We have mainly used machine learning methods, such as the k-neighbors and decision tree classifiers, to improve the ability to distinguish between normal and aberrant behavior. The uploaded video frames' attributes are utilized to train the decision trees. The characteristics include human activities, spatiotemporal elements, etc. As a result, by training the classifier on various kinds of video frames, we may raise its performance. We are utilizing the K-Neighbors classifier, which can recognize patterns in the frames that contradict each other as well as the commonalities between typical video frames.
Our method additionally makes use of the background subtractor, which distinguishes between dynamic and static items individually. It is crucial for crowd anomaly identification because, when we remove the static elements from the video frames, we may reduce the amount of time needed. There will be many video frames with static and dynamic patterns.
II. LITERATURE REVIEW
Recently, computer vision has become interested in identifying dense and crowded areas. Problems such as classifying videos according to crowded groups [1], estimating crowd sizes [2], and determining the targets of individuals in the crowd are research topics of science. The most popular are color flow as ARG ET AL or other types of spatioLemoryporal Adam. [3] Use histograms to check the potential of the visual field. Kim and Grauman [4] use a combination of PCA models to model local optical properties and use Markov random fields (MRFs) to maintain global consistency. Mehran et al. [5] are inspired by classical group behavior studies, which use concepts such as relationships to describe the behavior of groups. Boiman and Irani [6] used spatiotemporal patches and reported areas as disparities that could not be reconstructed using data from previous frameworks. Spatiotemporal gradients, whose statistics are modeled using integrated HMMs, were proposed in [7] to detect anomalies in crowded conditions. We identify three characteristics that an agent should have: 1) a common model of the appearance and quality of the crowd model; 2) physical detection capabilities; and 3) spatial anomalies. We then propose to use dynamic texture (DT) as a representation [8]. We then introduce DT-based spatial and temporal normality models. Temporal normality is modeled using a combination of DT [9] (MDT), and spatial normality is measured using an MDTbased discriminative saliency detector [10].

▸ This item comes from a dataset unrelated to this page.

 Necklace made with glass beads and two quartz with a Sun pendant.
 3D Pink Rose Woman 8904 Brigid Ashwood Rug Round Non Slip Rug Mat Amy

Basic facts and performance evaluation procedures regarding adverse events are provided. Finally, the vulnerability detection algorithm is tested against the previous algorithm to create a set of security measures against which future algorithms can be compared. ?
III. PROPOSED METHODOLOGY
The methods we have employed for our approach are described in this section. Our approach consists of four steps. First, the input video frames undergo data preparation. Second, the spatiotemporal and optical flow patterns are extracted from the preprocessed data. Third, the k-neighbor and decision tree classifiers serve as the foundation for the model's definition. Fourth, the model is evaluated by running the trained model against the testing video frames.
A. Data Preprocessing
The UCSD dataset, which was collected via a stationary camera with several camera angles, is the primary dataset that we used for our project. It is made up of the Ped1 and Ped2 datasets.
B. Feature Extraction
Following the preprocessing stage, features including the optical flow, spatiotemporal, and histogram of oriented graphics (HOG) are extracted using the preprocessed data. The features that characterize optical flow calculate object motion between frames and produce an optical flow vector between the motions.
We can increase the range of genuine detections by using the spatio-temporal characteristics, which include information about each frame's spatial and temporal aspects. The process of extracting spatial characteristics from video frames involves the usage of HOG.

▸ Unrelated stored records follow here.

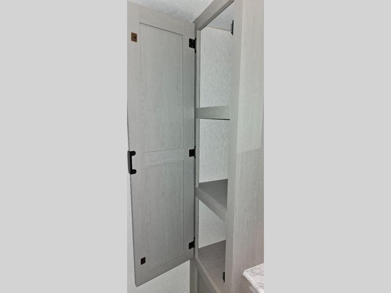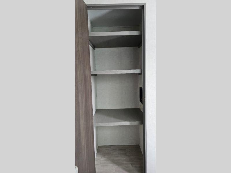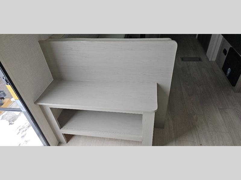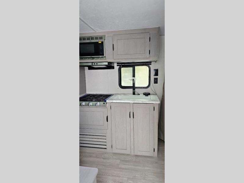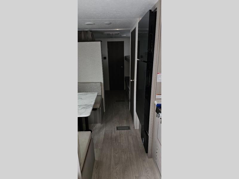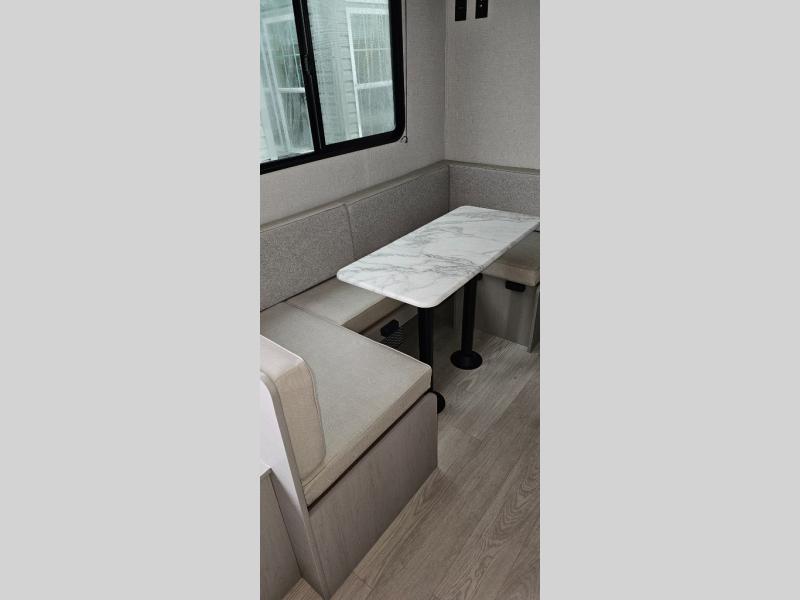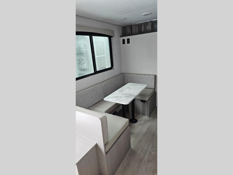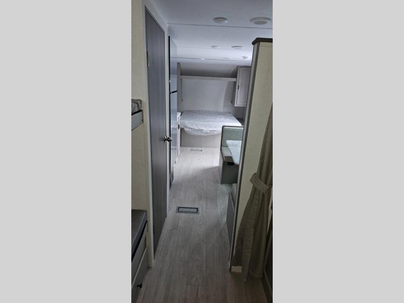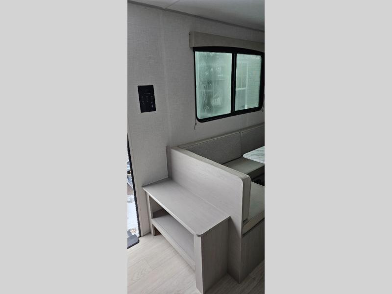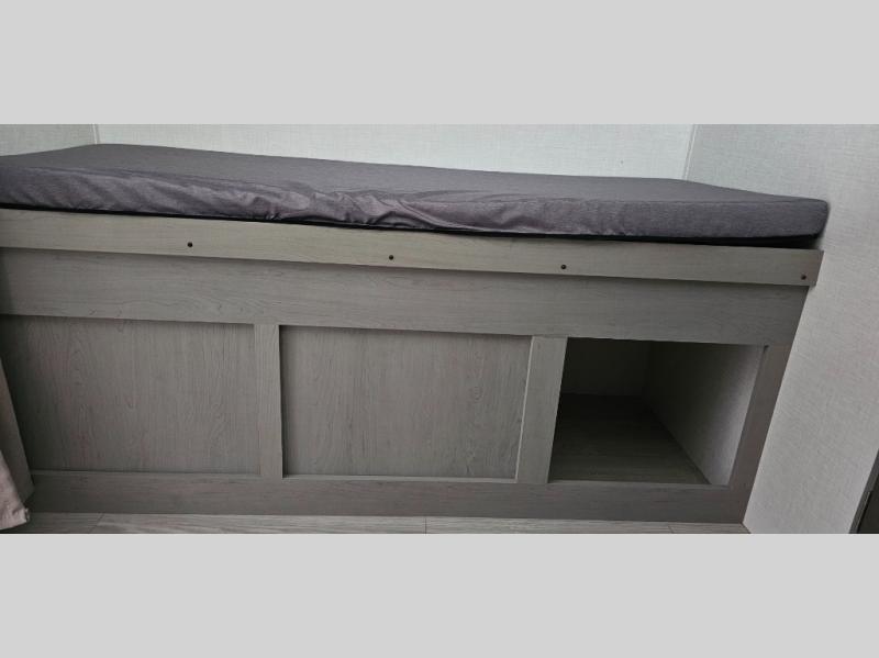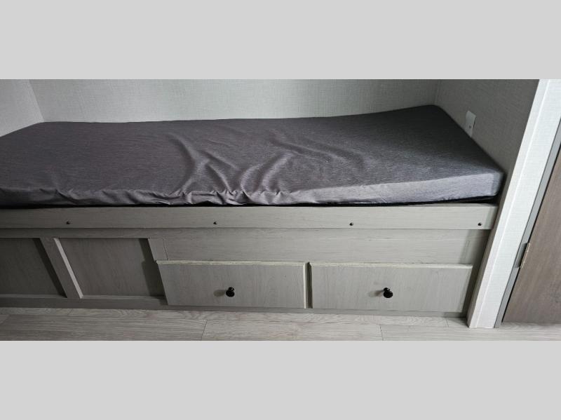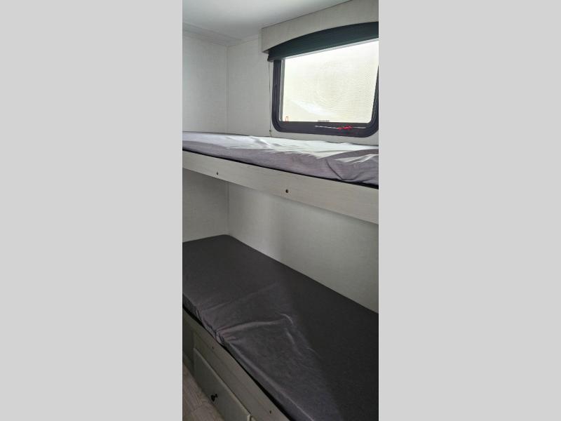 This travel trailer is perfect for a big crowd! Relax to the fullest on the queen bed located in the front bedroom, which also has plenty of space due to its over head cabinet, dual wardrobes and private shelves besides the bed. The quad bunk beds are ideal for kids to take a nap, also the U-shaped dinette is another option to use it as a makeshift bed. Take a long bath on the large rear bathroom, special to pamper yourself in the most comfortable way. This model also includes a 12V refrigerator to keep your food fresh, a 2-burner cooktop and a washer/dryer prep; all the comfort of home on the road!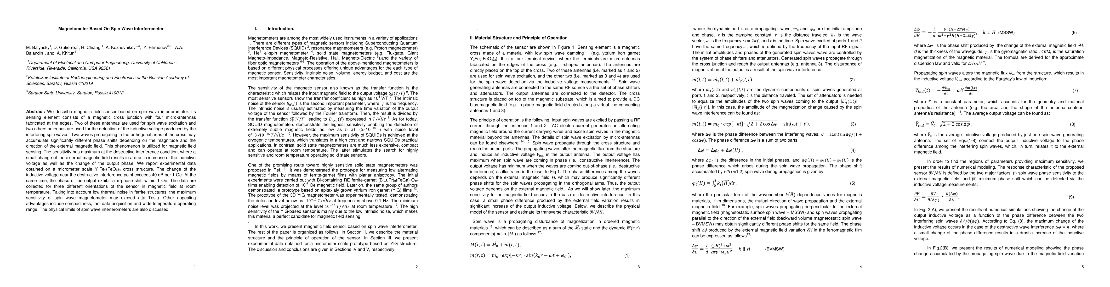 We describe magnetic field sensor based on spin wave interferometer. Its sensing element consists of a magnetic cross junction with four micro-antennas fabricated at the edges. Two of these antennas are used for spin wave excitation and two others antennas are used for the detection of the inductive voltage produced by the interfering spin waves. Two waves propagating in the orthogonal arms of the cross may accumulate significantly different phase shifts depending on the magnitude and the direction of the external magnetic field. This phenomenon is utilized for magnetic field sensing. The sensitivity has maximum at the destructive interference condition, where a small change of the external magnetic field results in a drastic increase of the inductive voltage as well as the change of the output phase. We report experimental data obtained on a micrometer scale Y3Fe2(FeO4)3 cross structure. The change of the inductive voltage near the destructive interference point exceeds 40 dB per 1 Oe. At the same time, the phase of the output exhibit a {\pi}-phase shift within 1 Oe. The data are collected for three different orientations of the sensor in magnetic field at room temperature. Taking into account low thermal noise in ferrite structures, the maximum sensitivity of spin wave magnetometer may exceed atta Tesla. Other appealing advantages include compactness, fast data acquisition and wide temperature operating range. The physical limits of spin wave interferometers are also discussed.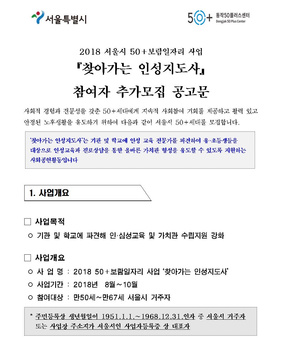 2018년 서울시 보람일자리사업 찾아가는 인성지도사 하반기 추가 모집공고_첨부2.hwp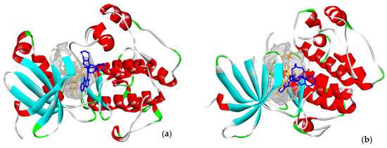 A non-competitive allosteric binding-site may be present in the protein kinase, in addition to the competitive ATP-binding site. In the present study, MZA is docked to the competitive ATP-binding site only, since the location of the allosteric site is yet to be determined in many kinases. The predicted binding affinity of MZA is compared to ATP in order to decipher selectivity trends of MZA vs. ATP. Table 1 indicates that MZA is a potential inhibitor for a number of protein kinases, such as RSK1, LCK, GSK3β, NEK2α, SAPK2α, CSK, PHK, and SAPK3, when compared to ATP. However, despite the favorable binding affinity, upon closer inspection, MZA does not bind in the ATP-binding pocket in many of the protein kinases, as the binding pocket is narrow and the molecular structure of MZA is bulky. For example, MZA was predicted to bind to PDK1, even though it displayed poor in vitro activity. Upon visual inspection, it appears that MZA binds at the external opening of the binding pocket, thus occupying different binding space relative to ATP (Figure 6a). In contrast, the RSK1–MZA complex has MZA bound at the same locus of the binding pocket as ATP (Figure 6b). Predicted MZA-bound kinase complexes are shown in Supplementary Materials Figures S1–S27.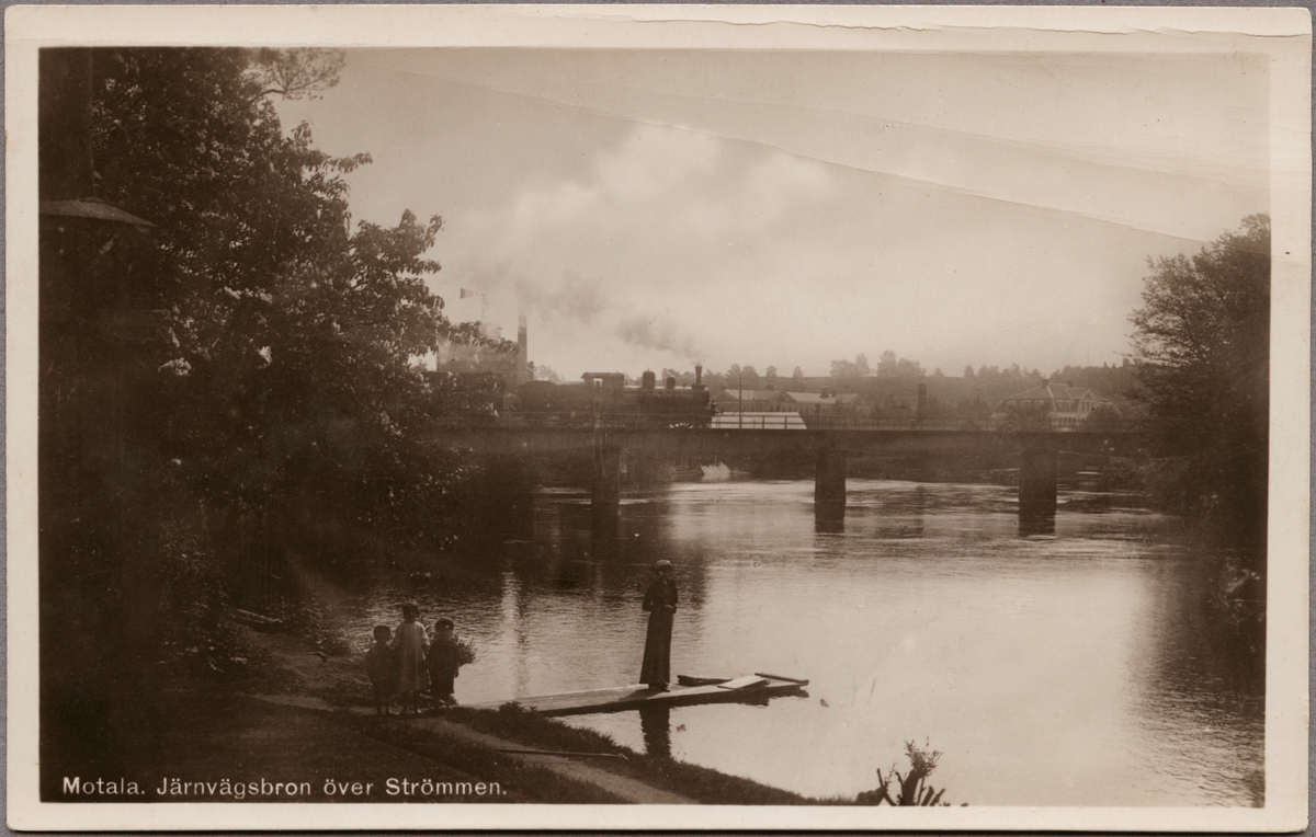 Vy på järnvägsbro över Motala Ström mellan Motala och Frebergaviken med kvinna och barn vid strandkanten.

The OpenCV library is used for the feature extraction in our project which contains functions such as “cv2.calcOpticalFlowFarneBack()” for optical flow features and “cv2.HOGDescriptor()” for the HOG extraction.
C. Defining Model
In our model, we have used machine learning classifier models such as the decision tree classifier and k-neighbour classifier.
Decision Tree Classifier: Following the second stage of feature extraction, the retrieved features are fed into the classifier, which uses them to categorize the video frames and differentiate between normal and anomalous frames. While learning, the classifier differentiates the frames recursively according to their region, captured motion, and other factors, ultimately creating a decision tree. In the end, it has a decision tree with leaf nodes, each of which includes roots representing features and leaves representing flag values denoting normal or deviant behavior. For this distinction, the decision rules are the primary source of dependence for the decision tree classifier.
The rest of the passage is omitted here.